- _RECORDS SHOWN_
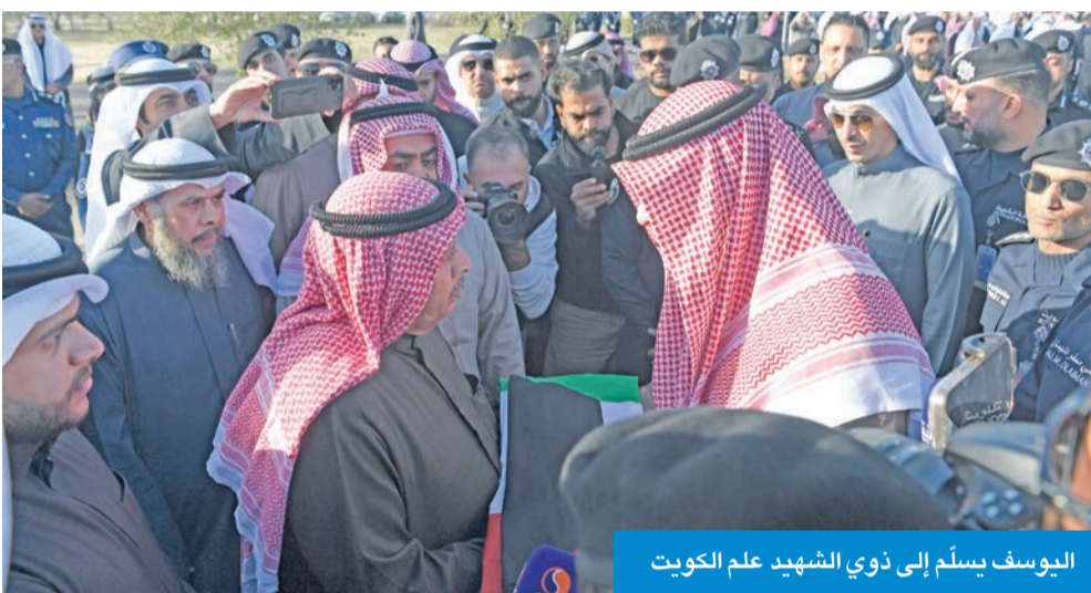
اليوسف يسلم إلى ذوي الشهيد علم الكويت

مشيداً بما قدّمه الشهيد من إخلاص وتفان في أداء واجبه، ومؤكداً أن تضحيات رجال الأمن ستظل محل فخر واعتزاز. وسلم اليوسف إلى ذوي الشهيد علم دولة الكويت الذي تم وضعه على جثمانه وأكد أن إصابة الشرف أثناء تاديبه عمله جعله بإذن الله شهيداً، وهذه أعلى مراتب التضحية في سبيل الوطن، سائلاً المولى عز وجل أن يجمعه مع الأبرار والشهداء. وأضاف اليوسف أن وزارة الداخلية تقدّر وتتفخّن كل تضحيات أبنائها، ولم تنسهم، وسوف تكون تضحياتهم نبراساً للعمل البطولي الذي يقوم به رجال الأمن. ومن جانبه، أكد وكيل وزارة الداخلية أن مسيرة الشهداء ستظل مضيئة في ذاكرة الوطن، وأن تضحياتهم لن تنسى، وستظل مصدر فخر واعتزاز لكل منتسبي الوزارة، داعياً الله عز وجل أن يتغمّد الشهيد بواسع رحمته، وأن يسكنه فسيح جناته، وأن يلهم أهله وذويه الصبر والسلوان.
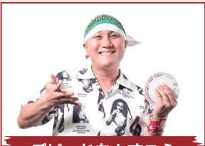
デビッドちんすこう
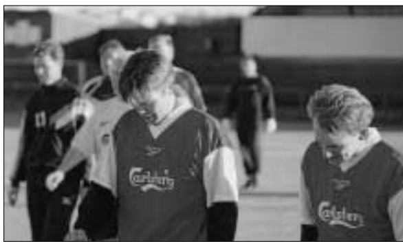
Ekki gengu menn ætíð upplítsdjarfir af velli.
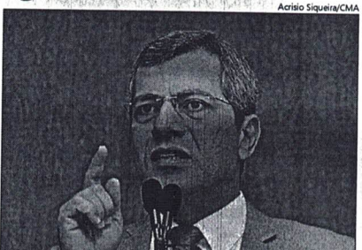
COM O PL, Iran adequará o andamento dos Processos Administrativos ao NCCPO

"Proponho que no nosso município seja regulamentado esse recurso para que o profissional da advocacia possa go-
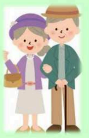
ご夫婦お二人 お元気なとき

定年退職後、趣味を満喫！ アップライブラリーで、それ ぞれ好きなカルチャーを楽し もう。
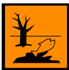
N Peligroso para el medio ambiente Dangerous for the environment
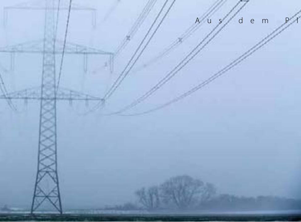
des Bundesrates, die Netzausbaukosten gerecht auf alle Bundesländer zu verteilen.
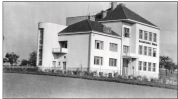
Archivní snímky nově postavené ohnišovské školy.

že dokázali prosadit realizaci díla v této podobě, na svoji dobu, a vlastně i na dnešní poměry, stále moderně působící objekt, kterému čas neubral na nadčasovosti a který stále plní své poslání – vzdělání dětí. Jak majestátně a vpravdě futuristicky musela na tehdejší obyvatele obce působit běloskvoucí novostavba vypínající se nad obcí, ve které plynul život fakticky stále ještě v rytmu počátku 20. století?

--

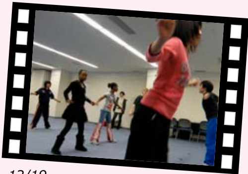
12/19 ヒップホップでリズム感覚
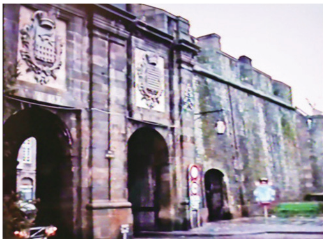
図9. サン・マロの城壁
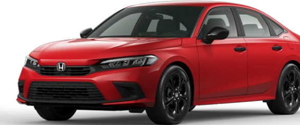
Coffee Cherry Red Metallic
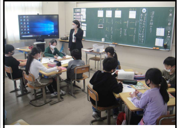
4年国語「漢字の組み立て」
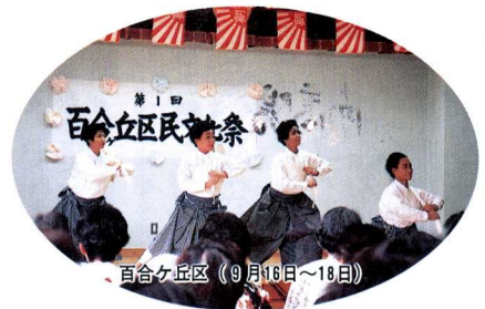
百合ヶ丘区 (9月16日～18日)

* * *

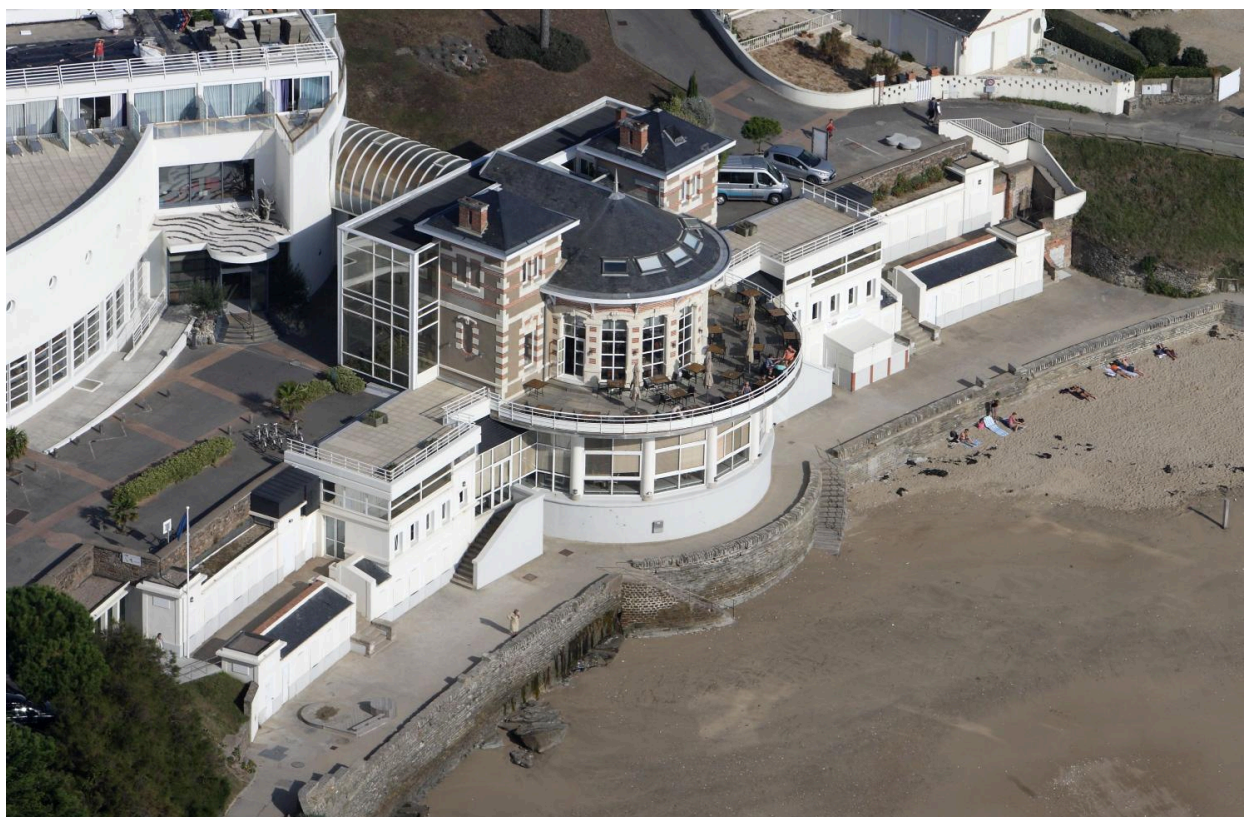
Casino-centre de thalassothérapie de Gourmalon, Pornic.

- _TASK DESCRIPTION_
Nothing but the lines from the one with "図9. サン・マロの城壁" up to and including the one with "百合ヶ丘区 (9月16日～18日)" should be printed, exactly as they read above. Please keep the pictures out.

- _EXERCISE RESULT_
図9. サン・マロの城壁
Coffee Cherry Red Metallic
4年国語「漢字の組み立て」
百合ヶ丘区 (9月16日～18日)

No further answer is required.